Indeed, McClards has built such a following that not even the plates can be changed without resistance. At the same time the majority of restaurant growth, and the future loyal patrons, are looking for something exciting and new with more adventurous dishes. It was a problem not only McClards faced several years ago, but all of Hot Springs.
“Hot Springs was already in a slump, then the Majestic Hotel burned and it felt like the whole town became depressed. Us long-term people felt like we were just waiting for the end of a good run,” McClard remembers. “Then, all of a sudden you have Anthony Valinoti (of Deluca’s Pizzeria) roll into town with this extreme energy and optimism about life itself. He started talking to us about all cooperating and promoting each other. He really helped us get the food scene on the same page.”
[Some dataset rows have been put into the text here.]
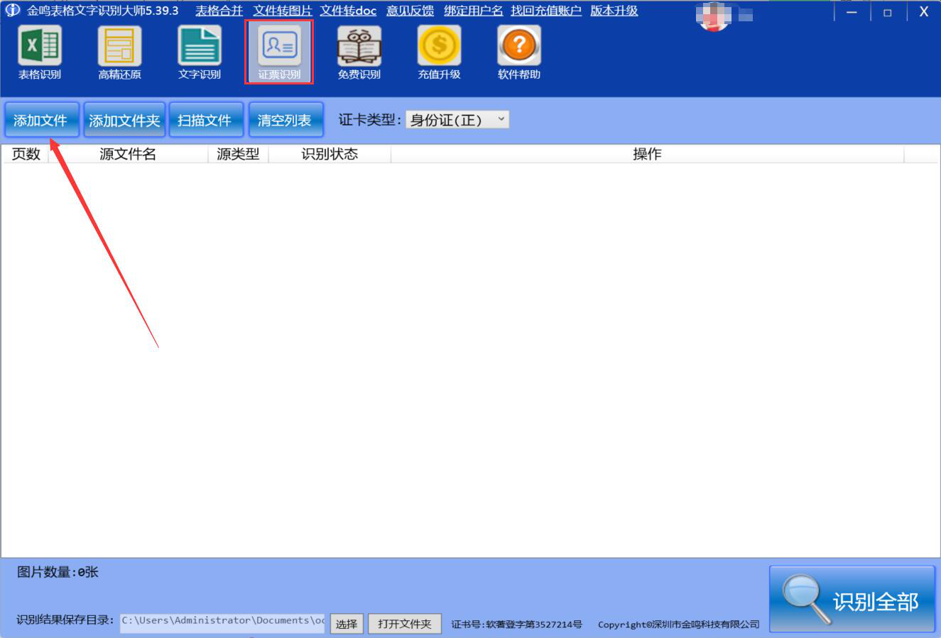 1、首先,我们打开金鸣文表识别系统。切换至“证票识别”的功能界面,并点击界面左上方的“添加文件”按钮。
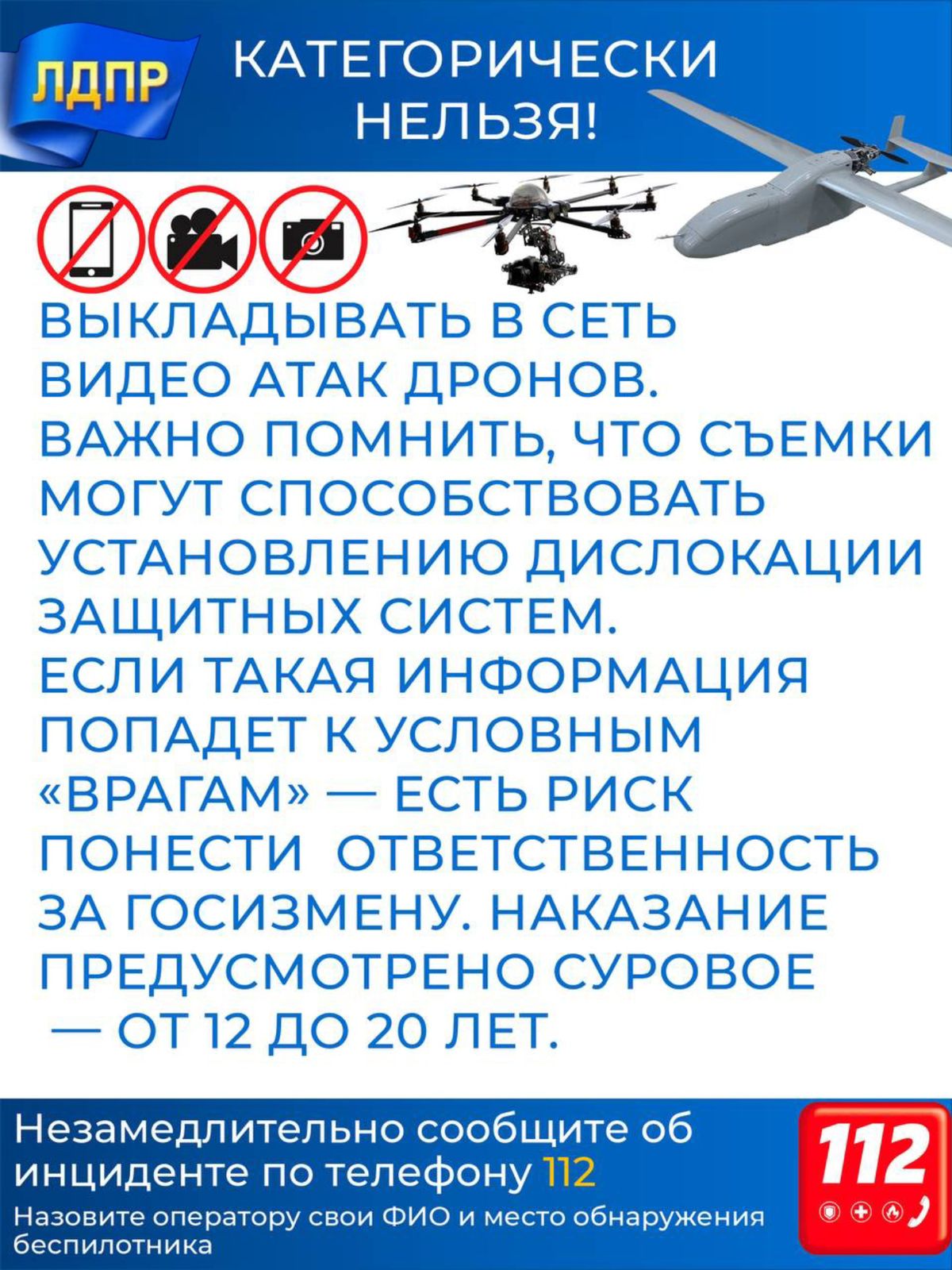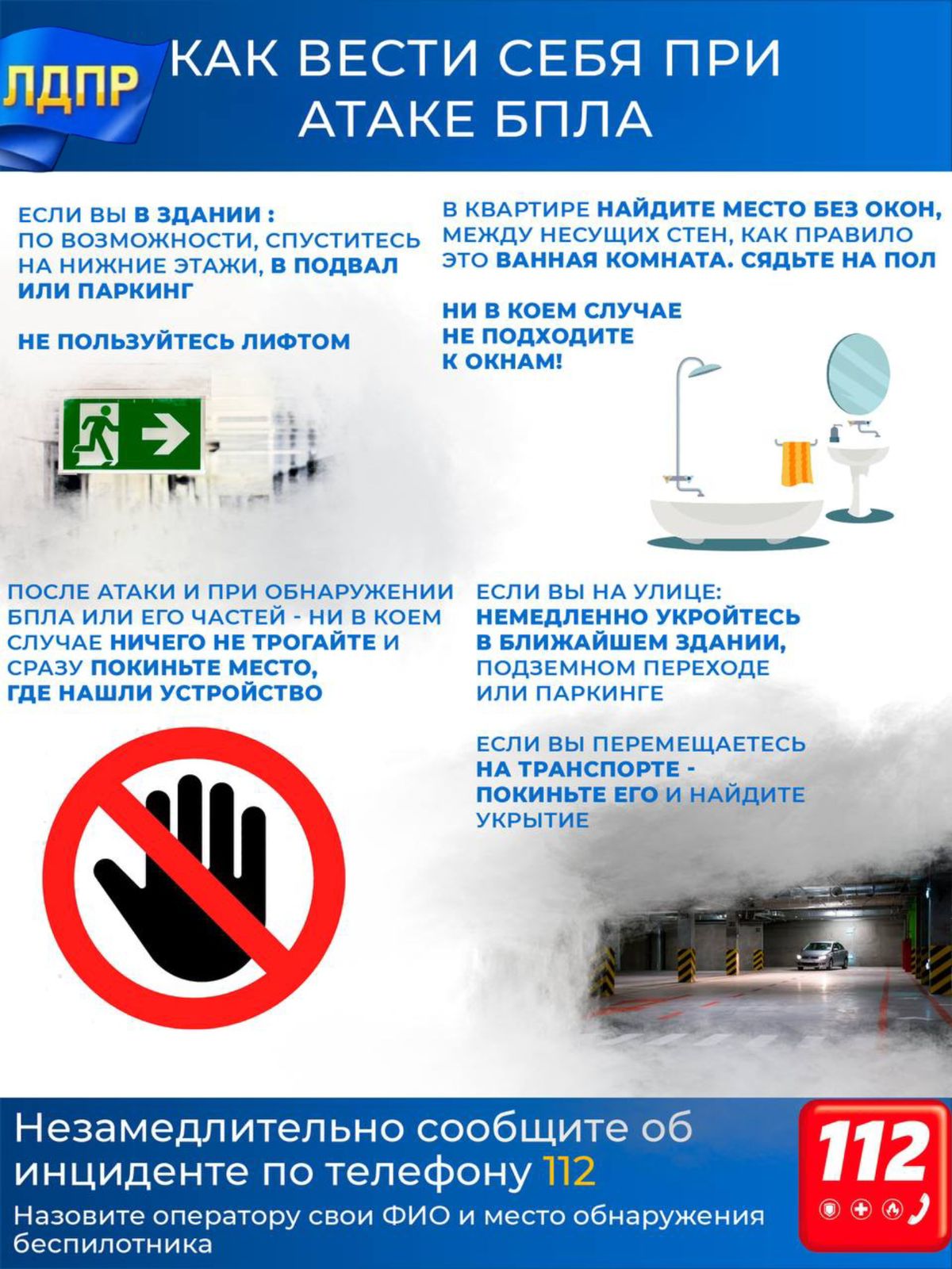 ЛДПР выпустила инструкции для всех россиян, поясняющие, как вести себя в случае обнаружения беспилотного летательного аппарата. Рассказано, что надо делать в случае появления дрона в здании, на улице. Даны пояснения, что нужно делать, и чего делать нельзя
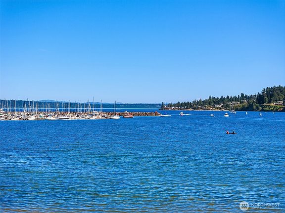 Tucked into downtown Kingston, this private waterfront estate offers 160' of sandy, no-bank beachfront on a rare .93 acre lot. Breathtaking views of Puget Sound, the Cascades, & the marina from nearly every room. Water-level entertaining area w/ wet bar, workout studio, mudroom & 2 guest suites. Upper great room w/ stone fireplace opens to a massive deck perfect for summer gatherings. The kitchen features bar seating, stainless appliances, & stunning views. Unwind in a primary suite w/ deck access, 2 walk-in closets & ensuite bath. Landscaped grounds include a natural creek, sprawling lawns, manicured gardens + easy access to the waterfront for kayaking & crabbing. Extraordinary setting w/ birds, seals, deer. Two blocks to ferry and shops!
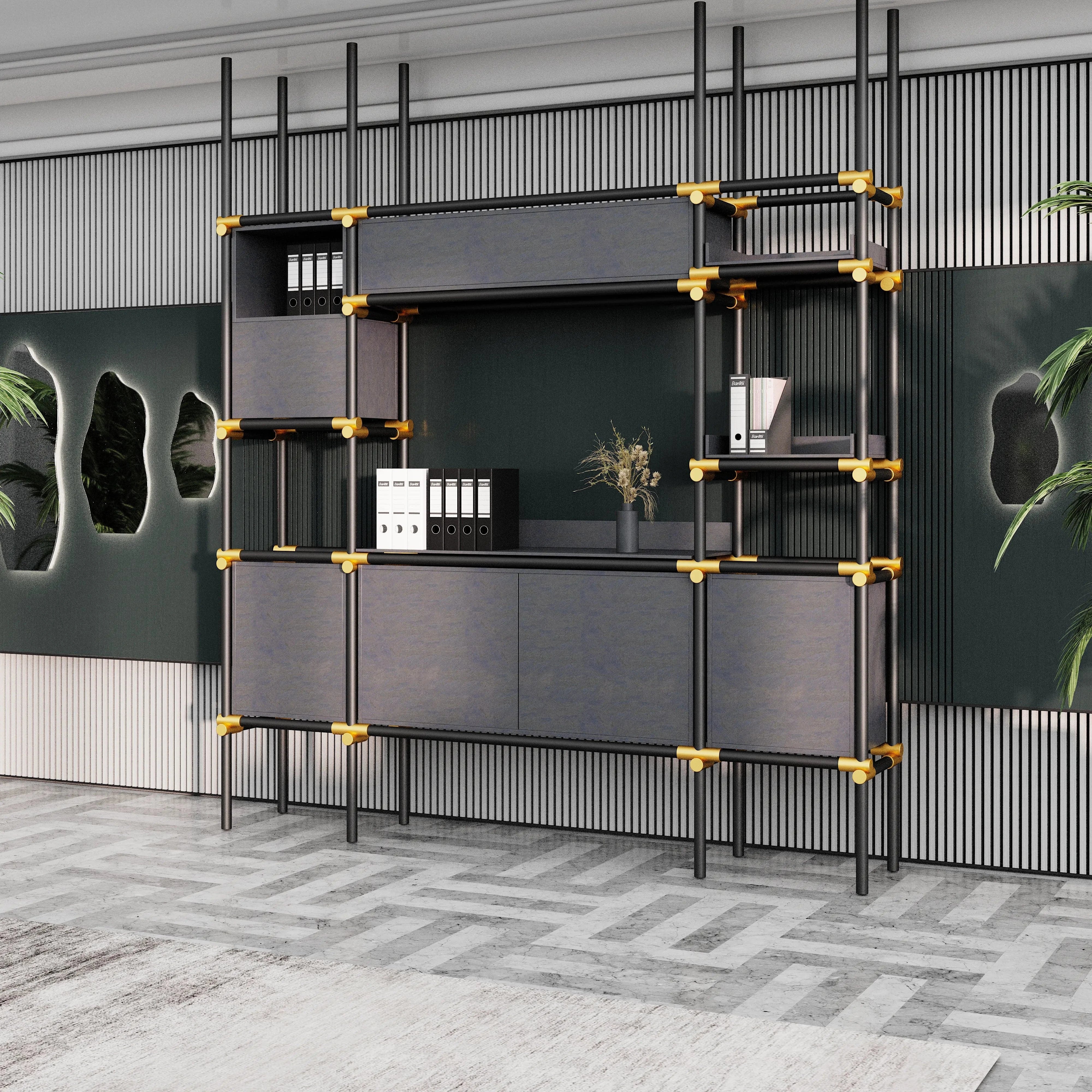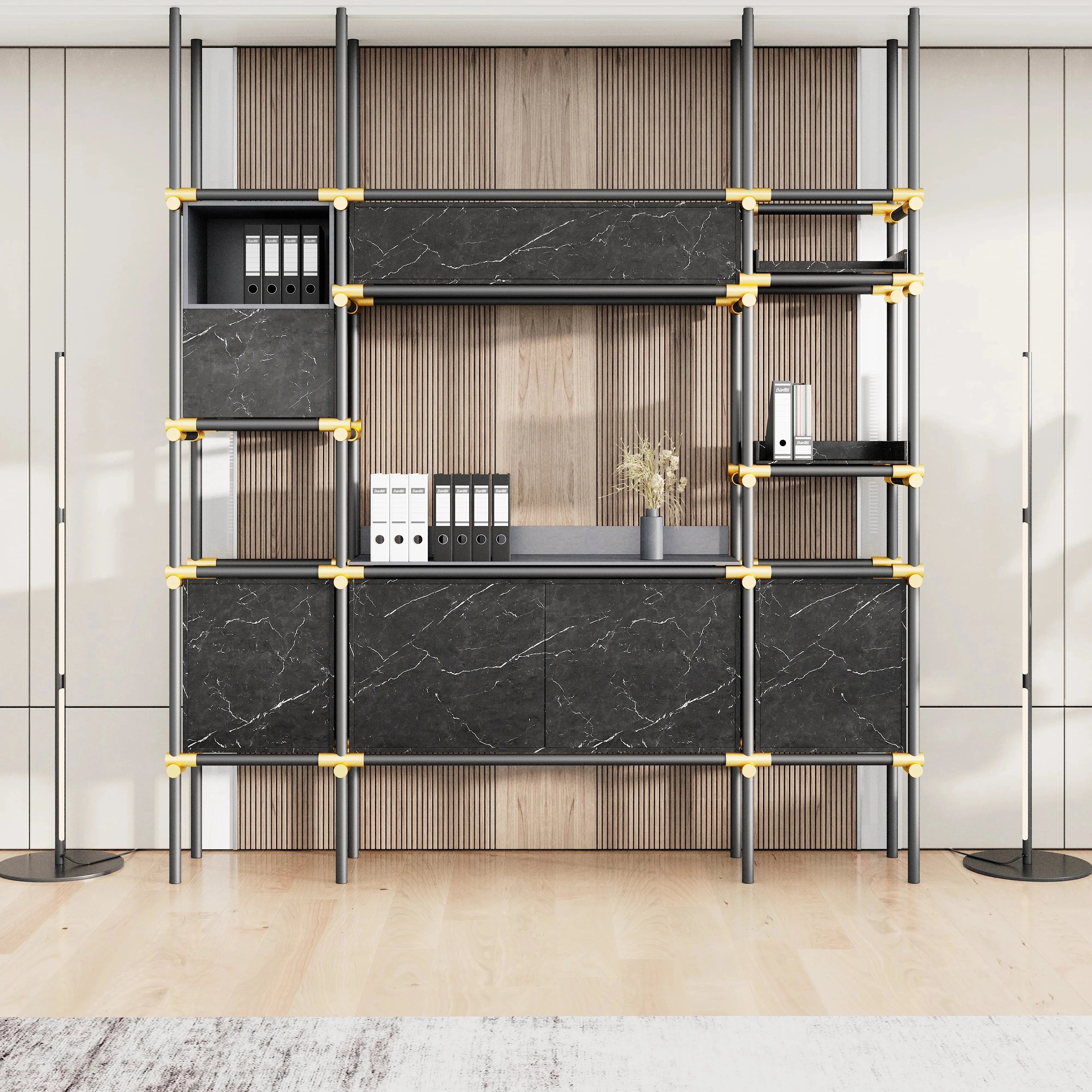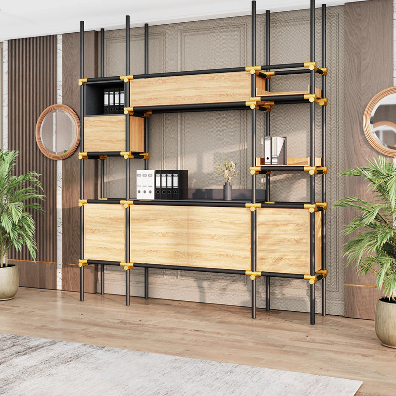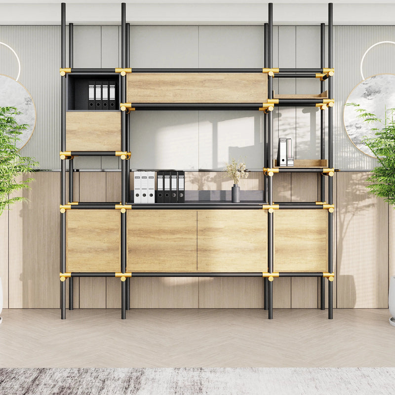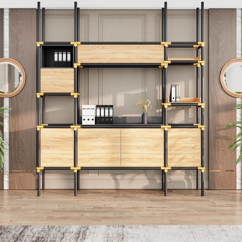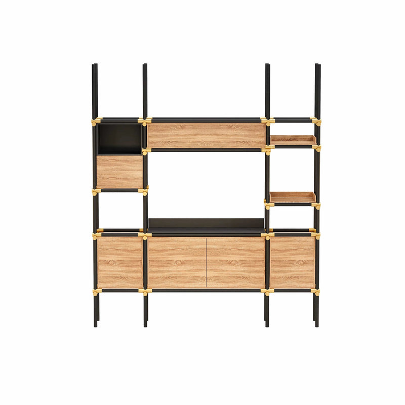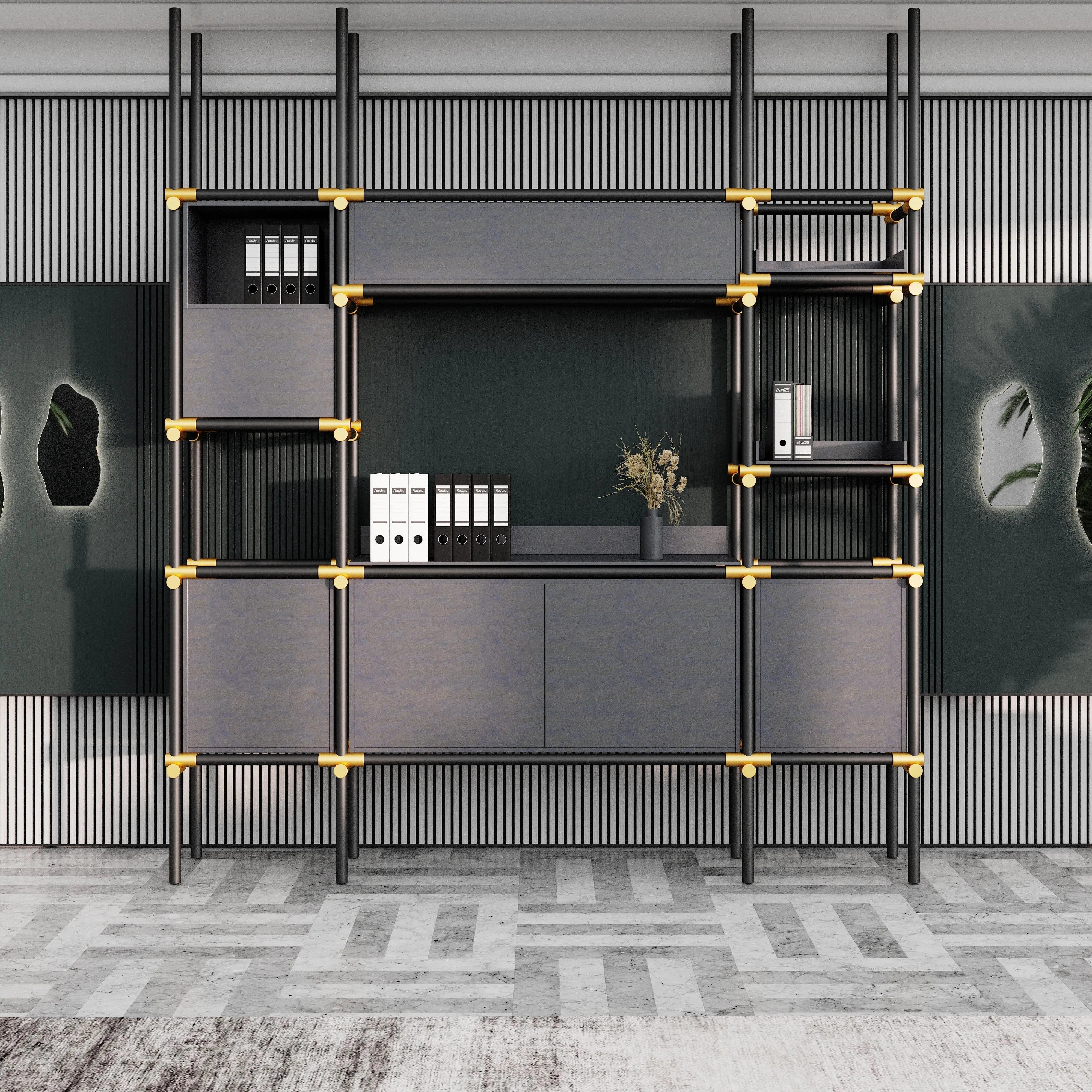 With 6 to 7 shelves, 4 to 5 cabinet doors, and 9 to 11 compartments total, the unit is ideal for showcasing books, decor, or art objects while keeping other essentials out of sight. The 3 to 4-level design ensures ample vertical storage without overwhelming the space.
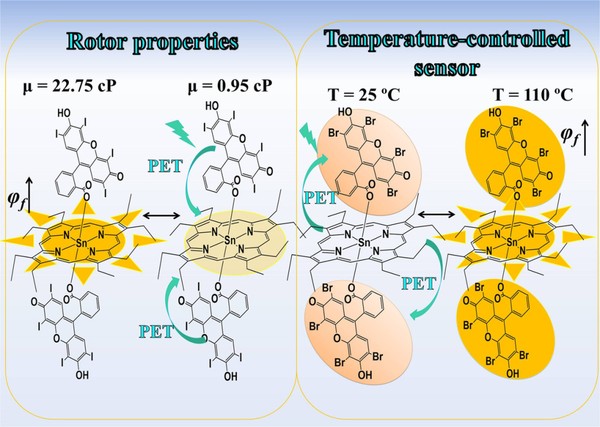 Введение молекул красителя в структуру порфирина позволило создать триады, реагирующие на изменения параметров окружающей среды. Полученные химические системы проявляют флуоресцентный отклик при изменении локальной кислотности (pH) и вязкости среды. Это свойство критически важно для исследования процессов фотоиндуцированного уничтожения раковых клеток в ходе фотодинамической терапии и открывает возможности для постоянного мониторинга терапевтического процесса в реальном времени.
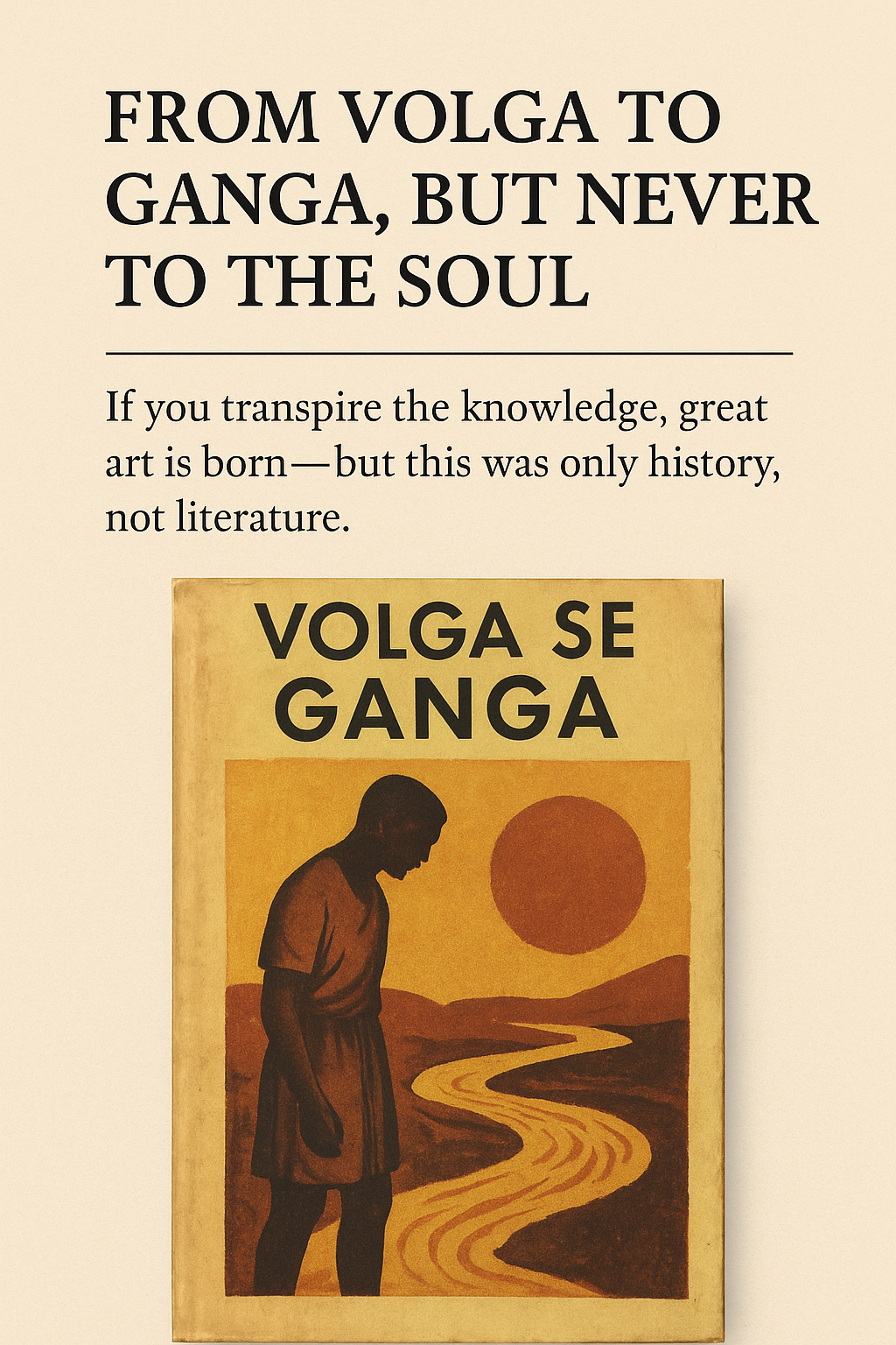 Volga se Ganga, devoid of literary and artistic merit, owes its fame largely to historical convenience. The Congress regime in India, with its Soviet leanings, needed “national” narratives that spanned centuries but aligned with modernist socialist ideas—and Rahul Sankrityayan delivered on the Congress platter. The book is less about artistic merit and storytelling, and more about building an ideological bridge from the Indus Valley to Communist utopia. It is propaganda dressed in the garb of historical fiction, where literature becomes a tool for nation-building rather than self-exploration or art.

That was the start of the turn around for both Hot Springs, and making McClard’s relevant again. While their menu didn’t change at all, their overall approach did. They began partnering with other restuarants, like Deluca’s Pizzeria, to extend the reach of their food. They began introducing things like local craft beers. Then they took to social media to tell the story of McClards to a new audience, something Scott McClard says his daughter’s helped with a lot.
With new life in the restaurant scene, the restaurant scene itself began to change.
“All of a sudden you had the millennials come into town trying things us old farts had all given up on years ago,” McClard says energetically. “They were so determined and full of energy. They didn’t want to hear about what would or wouldn’t work, they had fresh ideas on how to make it work. Amazingly, they pulled it off. So now we have this energy and spirit to a town that only three or four years ago we were all ready to hang it up. All thanks to Tony and some very optimistic millennials.”
It seems the winning strategy for keeping McClard’s fresh and relevant to a new audience was doing everything they could to keep Hot Springs fresh and relevant to a new audience. The effort is paying off. Not only is McClard’s seeing strong business, but the food scene as a whole is growing at a rapid pace.
In my 30 something years of frequently going to Hot Springs, I have never seen the city more alive than it is today. Same with McClards. A stop at in at 3 in the afternoon reveals a restaurant that is over half full. Because of it another generation will have the new fresh items to eat in Hot Springs, and then extremely consistent BBQ that they can always count on. Damn prison trays and all.